Capt. Robert Martin of the Georgia Light Artillery (an officer who two years previously had directed the mortar battery at Mount Pleasant, South Carolina, during the war’s opening bombardment against Fort Sumter — see above) suddenly found himself thrust into command of McAllister’s lone 10-inch mortar, and afterwards reported how he arrived at his post:
... a few minutes after 9:00 a.m. [on February 1, 1863] and immediately opened fire on the Abolition fleet. At 10:40 a.m., my platform gave way, and I was compelled to remove the planking and fire from the second tier of boards, which stood the firing very well.
Despite admitting that his “practice was at first bad,” Martin and his crew soon became very proficient. Over the next few months, accurate long-range fire from his single mortar would prove vital in driving off several more Union naval attacks.

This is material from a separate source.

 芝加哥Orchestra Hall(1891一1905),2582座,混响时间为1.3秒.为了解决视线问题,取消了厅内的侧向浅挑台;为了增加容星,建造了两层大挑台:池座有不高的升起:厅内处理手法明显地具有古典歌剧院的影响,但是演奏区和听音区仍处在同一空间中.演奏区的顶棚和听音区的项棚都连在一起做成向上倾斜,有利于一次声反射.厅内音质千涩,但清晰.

Inevitably, though, the 60,000-man army of Maj.-Gen. William T. Sherman appeared out of the interior of Georgia from smoldering Atlanta by late autumn 1864, bound on its infamous “March to the Sea.” Bent upon linking up with the Union supply-fleet awaiting him offshore, this Federal commander closed in on Fort McAllister from its landward side by the evening of December 12, 1864. Next afternoon, its under-strength Confederate garrison of less than 200 men was overwhelmed by an assault by three Union brigades under Brig. Gen. William B. Hazen.
McAllister’s 10-inch seacoast mortar played no part in this final battle, and was photographed a few days later by Samuel A. Cooley — on December 16 or 17, 1864, according to the excellent analysis by Roger S. Durham — while it still sat forlornly mired in mud within its neglected emplacement. This weapon was disposed of shortly thereafter by Union soldiers of the 70th Ohio and 55th Illinois Infantry Regiments, but replaced in modern times by a life-size replica.

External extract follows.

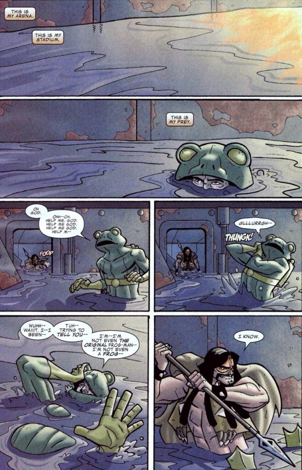 During his short and marvellous run on Daredevil, David Mack wrote an issue (or maybe an entire story arc) about Frog Man’s son: read it, it’s wonderful. That’s why I love conversations about comics: 9 times out of 10, I end up remembering a good comic book I almost forgot about, and then I search for it and read it again with so much pleasure. That’s what I’m going to do with that Daredevil issue: if I remember well, it should be right under my tv.

Union Mortar-Battery on Morris Island, ca. March 1865
This video-clip provides a brief camera-pan over a pair of Federal 10-inch seacoast mortars still emplaced on Morris Island, South Carolina, apparently part of the ordnance remaining in position within Battery Chatfield toward the war’s end. Given the tidy appearance of these weapons and their platforms, this scene must have been photographed during the spring of 1865, well after having last been involved in any action — the picture most likely taken by Sam Cooley or one of his assistants in late March or early April 1865. Note how a single five-man crew has been posed rather awkwardly around both mortars, distributed between this pair of weapons so as to help stage the scene.

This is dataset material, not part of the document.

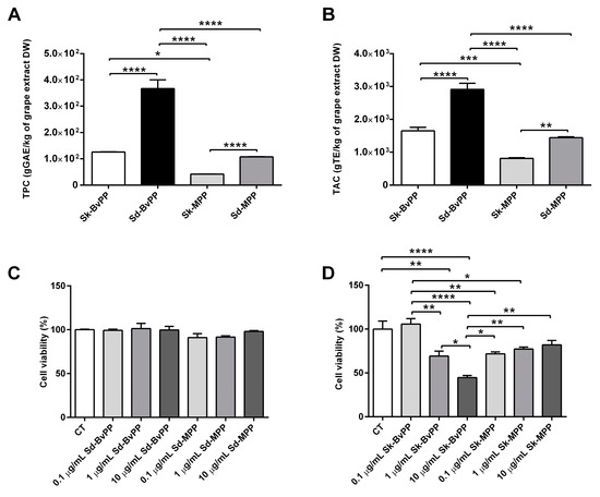 First, the composition and potential cell toxicity of GPP extracts were determined. These extracts presented different qualitative and quantitative PP composition (Table 1 and Table 2) in relation to grape tissues and ripening stage. The quantification of anthocyanins in grape Sd was not pursued, as these compounds are not known to be present in this particular tissue [28]. Analysis of monomeric flavan-3-ols was accompanied by a measure of the mDP of the proanthocyanidins. Sd extracts contained higher amounts of flavan-3-ols than Sk extracts, both decreasing with ripening. Flavan-3-ols were less polymerized in grape Sd compared to Sk. Additionally, the analysis indicated that the mDP of flavan-3-ols tended to decrease during the ripening process, leading to a reduction in proanthocyanidins in both Sd and Sk tissues (Table 1). Sk-MPP extracts wee rich in anthocyanins (Table 2). Stilbenes were also quantified in Sk extracts and their concentration increased as the grape ripened (Table 2). The highest total phenolic content (TPC) was observed at the Bv stage both in Sk and Sd extracts (Figure 2A) and significantly decreased to reach a minimum value at M stage (Figure 2A). Total antioxidant capacity (TAC) showed a similar trend; the highest value was found at Bv stage for both Sk and Sd extracts with a significant reduction at M stage (Figure 2B).

Certain details can nevertheless be appreciated in the close-ups shown by this video-pass: for example, each mortar’s firing-vent is snugly covered with an “apron” made out of light, pliable metal, held on by a leather cinch tightened securely around the weapon’s base so as to prevent any moisture or grit from fouling this vital aperture, such as falling rain or windborne sand. Handspikes for both crews are slotted neatly against the revetment at far right, still ready to be drawn out for instant use, while an empty haversack for carrying powder-cartridges back from a service-magazine to the mortars also dangles from a peg. Note the stakes still pounded into the ground behind each mortar, as well as the advance stakes protruding from the crest of their epaulement beyond, having been driven into its sand for purposes of aiming at a distant target.
Mortars Stockpiled in a Federal Depot, April 1865
The unstoppable penetration by Sherman’s huge army into the heartland of prostrate South Carolina, meant that Charleston Harbor’s exhausted defenders at last felt compelled to withdraw on the night of February 17, 1865, from their long-held forts: Sumter, Johnson on James Island, and Moultrie on Sullivan’s Island. Next day, the besieging Union regiments would begin moving out from their positions to occupy all three of these battered strong-points — as well as the silent, ghostly City of Charleston — marking an end to all organized military resistance throughout this district. Although the Confederate government would not capitulate for another couple of months, these Federal troops were able to secure full control over the entire area around Charleston, to the extent that they even began dismantling some of their own sprawling works and encampments on Morris Island over the ensuing weeks.
This photograph from the Library of Congress, one in a series of three similar views of this depot taken by Sam Cooley or one of his assistants — most likely in April 1865, during the wait by reporters and Union dignitaries for the ceremonial restoration of Maj. Robert Anderson’s original Stars-and-Stripes flag to Fort Sumter — shows numerous artillery pieces, shells, and other bits of heavy equipment which had been unceremoniously gathered up and then dumped amid the storage sheds in this sandy compound, presumably for redistribution around the harbor-defenses, or even shipment by sea entirely out of this theater of operations. The 10-inch mortars, once one of the most powerful long-range weapons in the U.S. Artillery’s inventory prior to the war, were by now outdated relics of little appreciable military value. The 13-inch mortars had since superseded them in importance, while ordnance capable of accurately firing much heavier shells over significantly greater distances had been developed and deployed over the intervening four years of warfare.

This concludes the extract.